Hell is full of good meanings and wishings58.
George Herbert
– Да, пойдём же, пойдём скорее, я тебе что-то покажу! – Синица сперва уговаривала бабочку оторваться от перебродившей капли сосновой смолы, а после и вовсе – ухватила её за обшлаг пышного рукава и увлекла за собой вглубь леса.
– Вот, упрямая какая, – сердилась на бабочку синица. – Нет бы, – сразу отозваться и лететь со мной. Пока тащила, все бока изодрала о сосновые иглы. – Вон, как тут у нас хорошо: тенёчек, прохлада, ветерочек…
Бабочка, волоча по воздуху крылышко, едва сдерживалась, чтобы не закричать. Плечико, за которое синица волокла её, болело. «Не иначе, как вывих», – подумала бабочка, но решила терпеть, понимая, что коли примется вырываться, будет только хуже, а вскоре вовсе лишилась чувств.
Синица или не ведала про то, либо из надменности не желала взять в толк, что деннику59, дабы взлететь, неоткуда было взяться силам, кроме как попросить взаймы у солнышка, и тащить бабочку под сень леса, было всё равно, что губить её.
Ветер, как ни казался равнодушен, решил подсобить бабочке, и, чтобы привести её в чувство, слегка подул ей в лицо. Бабочка очнулась, а та, немногая часть пыльцы с зажатого в клюве синицы крыла, запорошила птице нос. Чихая, синица нечаянно выпустила бабочку.
Безвольно, осенним листом упала бабуля на самый берег пруда, что узким локтем мели, испачканным в песок, облокачивалась о край лесного оврага. Быть может, синице бы и удалось исправить оплошность, пользуясь беспомощным состоянием бабочки, но её спугнули громкие звуки, что раздавались со стороны пруда, где, никого не смущаясь, совершенно по-собачьи, хлебал воду уж.
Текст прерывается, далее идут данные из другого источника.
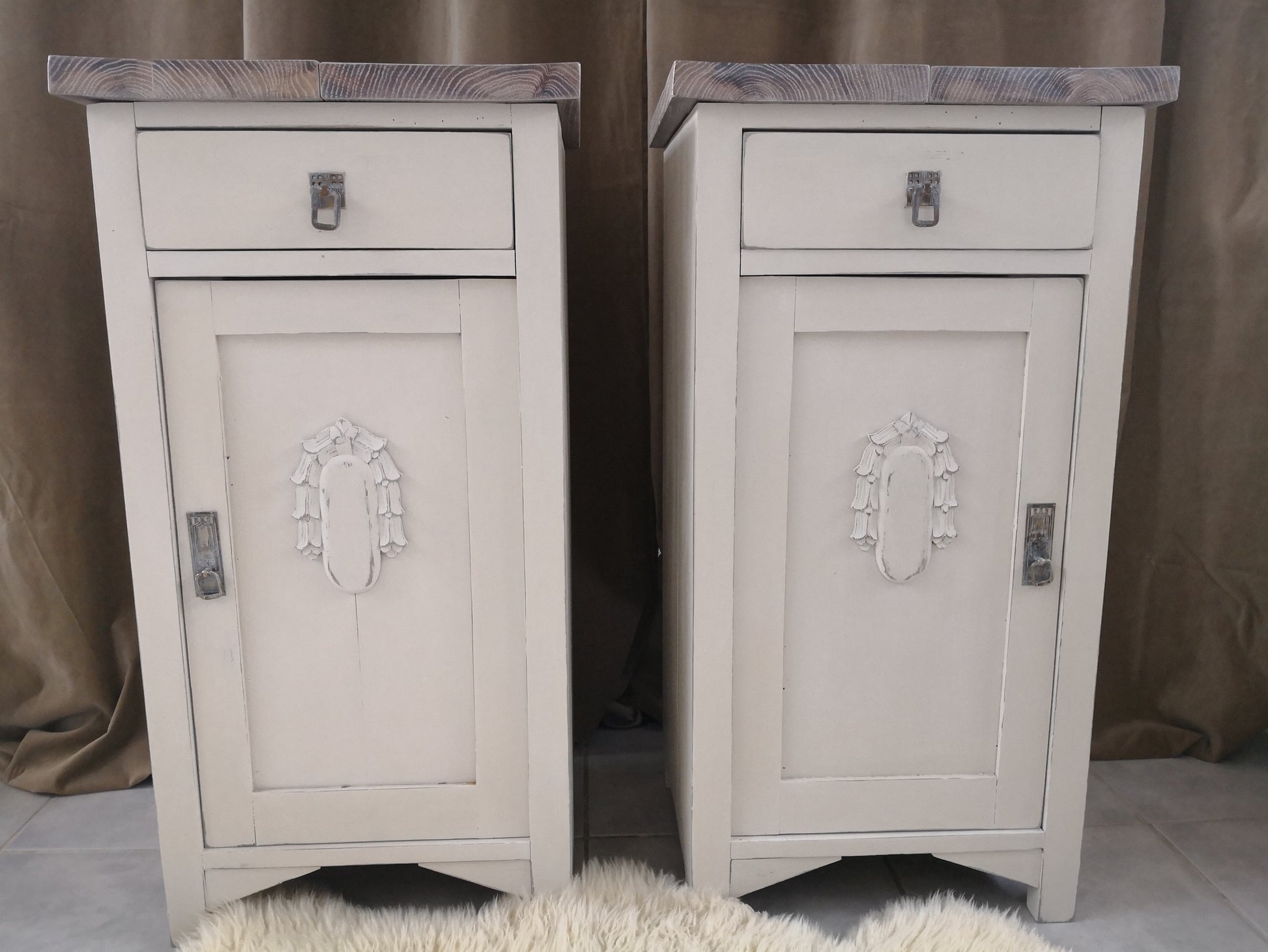 Wiir bieten Euch ein Paar antiker, neu gestylter Nachtschränkchen aus Massivholz Eiche in dezentem Landhauslook an, mindestens 80 Jahre alt.

Массивная голова змея умещала куда меньше влаги, чем требовала того жажда, выпестованная первой летней жарой. Его долгое тело, утомлённое слишком длинной для его лет зимой, требовало раскалённых камней или ванны из сухого горячего песка. То хорошо для юных – глубокий сон перед полной приключений летней жизнью. Его же душа страждала без погожих денёчков, а зимнее забытьё, как не казалось глубоко со стороны, было скорее оцепенением, в объятиях которого едва хватало сил дождаться новой, быть может последней возможности пробудиться.
Хорошенько напившись, уж с сожалением отнял голову от воды, погляделся в своё отражение, и, презрев устоявшуюся привычку не шуметь, отправился подремать на солнцепёке, нарочито громко шурша прибрежной травой. Его терзала досада о потрёпанной бабочке, как об очередной судьбе, исковерканной благими намерениями. Соразмерные с чужими представлениями о проке, – тем горше от них исход, чем боле расчёт на их безусловную сладость.
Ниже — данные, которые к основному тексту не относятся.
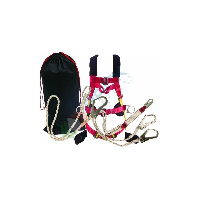 Imbracatura Comfort Plus a due punti di ancoraggio,-Cordino singolo con moschettone e gancio da ponteggio,-Cordino doppio con assorbitore di energia, gancio a scatto e due ganci da ponteggio,-Borsa a tracolla in Nylon Certificato CE

Рыдал в ночи полуслепой, выброшенный из тамбура вагона пёс. Завывал хуже волка, ибо у того песнь, а тут – страдание, да не по-человечьи, но по человеку, в коем разочаровался на всю оставшуюся жизнь. Верил в которого, как себе довериться б не посмел.
И что ему ныне?! Куда? Зачем?! С кем шагать рядом, задевая плечом ногу не от неловкости, но из-за желания прикоснуться ещё и ещё разочек. Да и к чему теперь идти, куда!? Лучше лечь в траву, зажмуриться так крепко, чтоб померк белый свет, и заснуть. Насовсем.
Груша с листьями, огрызенными гусеницами, как изъеденные порчей сердца… Я не узнаю их, тех, с ярлычка на газ-воде с сиропом из детства, как не могу отыскать знакомых черт в людях, что окружают меня, садятся тот же вагон метро, идут по той же улице. Кто сдунул с их лиц мечтательные улыбки, стёр враз позолоту душ, вырвал из сердец сострадание? Кто осмелился, у кого поднялась рука?! Как же так?!!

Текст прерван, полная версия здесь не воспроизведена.